Available for free download in celebration of the life and legacy of Antonia Apodaca (November 1, 1923 – January 25, 2020).
This is a medley of a polka and chotís, both learned from accordionist Antonia Apodaca of Rociada, New Mexico. Antonia was born in 1923 into a musical family. We met her through Ken Keppeler and Jeanie McLerie, who met Antonia in the 1980’s at a point in her life when she had given up music. They encouraged her to begin playing again, and then played with her for many years, touring together to share her music across New Mexico and the US.

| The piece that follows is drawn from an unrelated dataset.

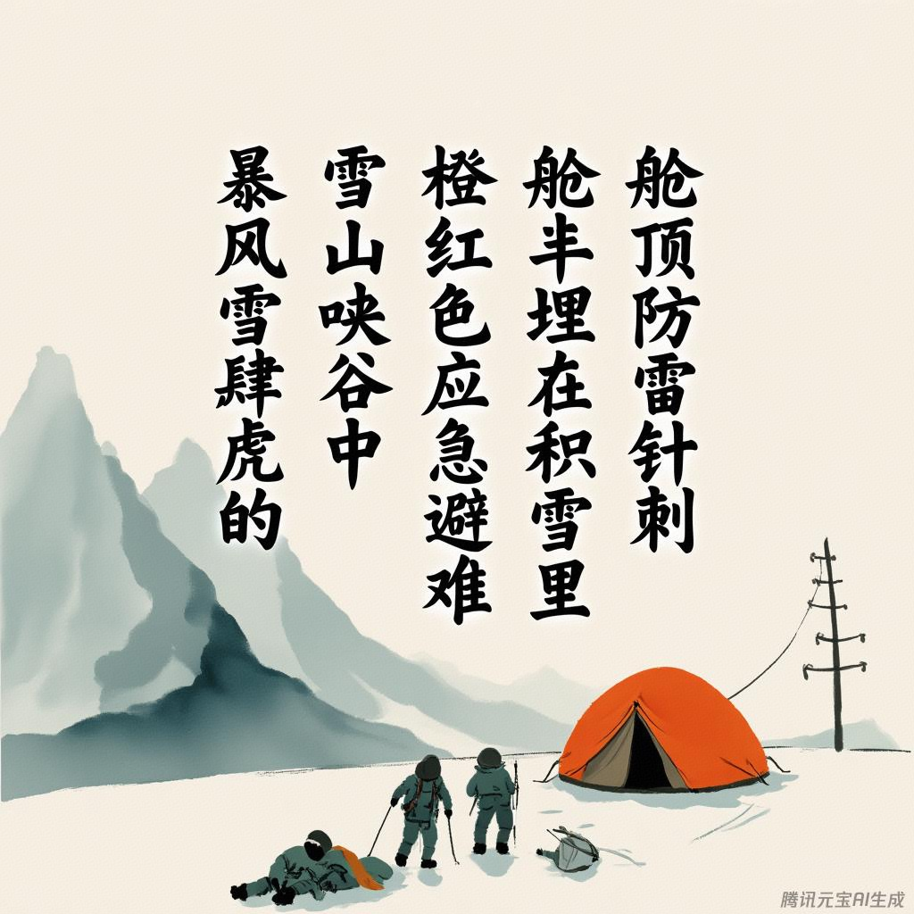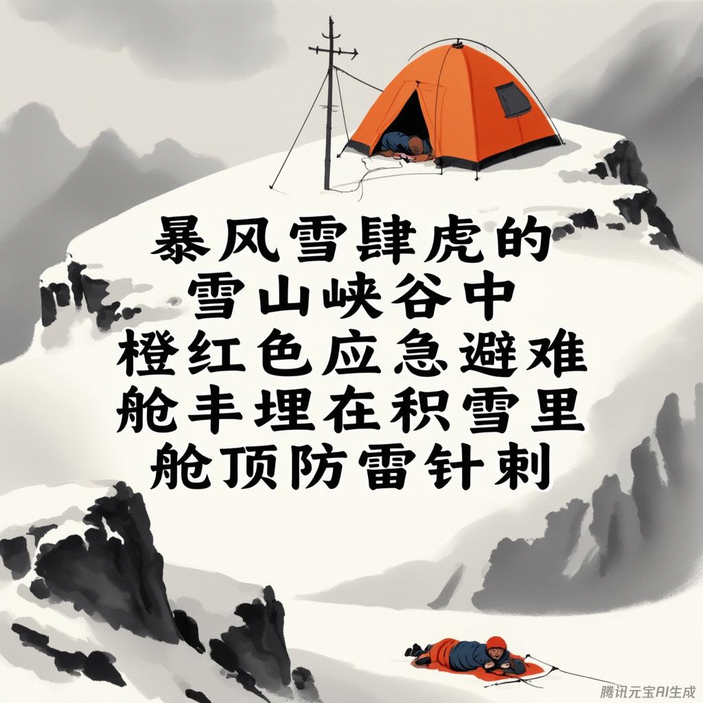| 暴雨+雷电 | 孤立巨石背风面/天然沟壑 | 闪电距离<300米或持续降雨>2小时 | 避雷优先→搭建防雷针→转移至低洼处 |

Antonia started playing her mom’s diatonic accordion as a child and took after her mother’s style, which is characteristic of Northern New Mexico: the accordion is played like a one-row instrument, with lots of chord clusters in the melody and strong bass chords that don’t follow the melody in the way we’re used to nowadays, creating a percussive and drone effect. This style of playing has more in common with old Midwestern and Scandinavian styles than the neighboring Tejano styles that have become more popular in New Mexico today. Antonia recalls meeting conjunto tejano accordion pioneer Santiago Jiménez Sr., who loved her playing and encouraged her to “keep up her old style”.

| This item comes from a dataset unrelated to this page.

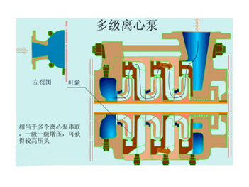 相當(dāng)于多個(gè)離心泵串聯(lián),一級(jí)一級(jí)增壓,可獲得較高壓頭。
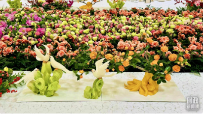 △人民大会堂内摆放的中坦两国国旗。(总台央视记者赵化拍摄)

When Antonia was just 9 years old, she won her first accordion by taking first place in an accordion contest in Santa Fe. It was this tune, “La Polka Suazo”, which she played, having learned it from her mother’s family. We combine this tune with another we learned from her, a chotís that some people call “La Burra Orejona”. The chotís (also called the chote and shotís in New Mexico) is a popular partner dance (it originated in Bohemia as the šotyš and then spread throughout Europe and the New World.) This particular chotís inherits the first part from an American square dance tune called “Flop-Eared Mule”. In the territorial period many Midwestern and Southern hoedown melodies were incorporated in New Mexico music as chotíses, cuadrillas and marchas, with the melodies altered and ‘New-Mexicanized’ by new melodic and rhythmic interpretations. Sometimes half of a back-East hoedown ended up combined with half of a local tune to make a new creation, as is the case with this chotís.